Dorothy Kate Richmond (12 September 1861 – 16 April 1935), sometimes known as Dolla Richmond, was a New Zealand painter most noted for her watercolour paintings of flowers and landscapes.

==Early life and education==
The daughter of James Crowe Richmond and Mary Smith, Dorothy Richmond was born on 12 September 1861 in Parnell, Auckland. She was the third of five children and her young childhood was unsettled. The family moved to Nelson in 1862 where her father had become the editor of The Nelson Examiner and New Zealand Chronicle but moved to the Taranaki district after the sudden death of Dorothy's mother in 1865. Her father was often away from home and she and her siblings were farmed out to relatives before the family moved back to Nelson in around 1869.

Richmond attended Miss Bell's Young Ladies' College in Nelson and her interest in art was encouraged by her father who passed on his love of drawing and painting to her. She was taken with her two elder siblings to Europe by her father in 1873 and continued her drawing lessons. She attended Bedford College for Women in London, and also attended the Slade School of Fine Art where she worked under Alphonse Legros. By June 1880 her work gained her a Slade Scholarship.

==Career==
In the early 1880s Richmond returned to New Zealand and was appointed the art mistress at the newly opened Nelson College for Girls in 1883.

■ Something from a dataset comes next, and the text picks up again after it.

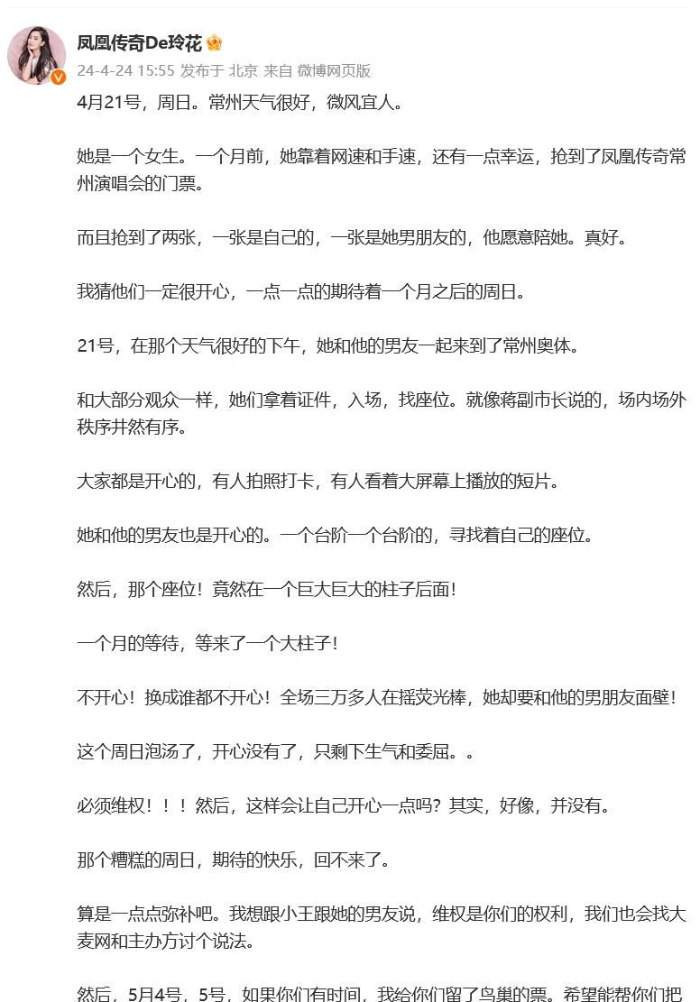 就在舆论将要进一步发酵之际,凤凰传奇主唱玲花及时发声,力挺粉丝维权。她在社交媒体上贴出一段长文,娓娓道来一名粉丝当天的失望心情,并承诺将为那些"柱子票"粉丝免费送出5月鸟巢演唱会的门票,希望能弥补他们的遗憾。

Richmond exhibited with the New Zealand Academy of Fine Arts from 1885. By 1890 she had become an artist member of the New Zealand Academy of Fine Arts and by 1896 was studying with James Nairn.

Richmond became financially independent after the death of her father in 1898 and she again travelled to Europe to paint. She met Frances Hodgkins in 1901 and travelled with her in Europe, visiting France, Belgium, the United Kingdom, the Netherlands and Italy, before returning to New Zealand together in December 1903. Hodgkins described Richmond as "the dearest woman with the most beautiful face and expression. I am a lucky beggar to have her as a travelling companion." Norman Garstin painted Richmond's portrait in Europe in 1903, and the oil painting is in the Te Papa collection.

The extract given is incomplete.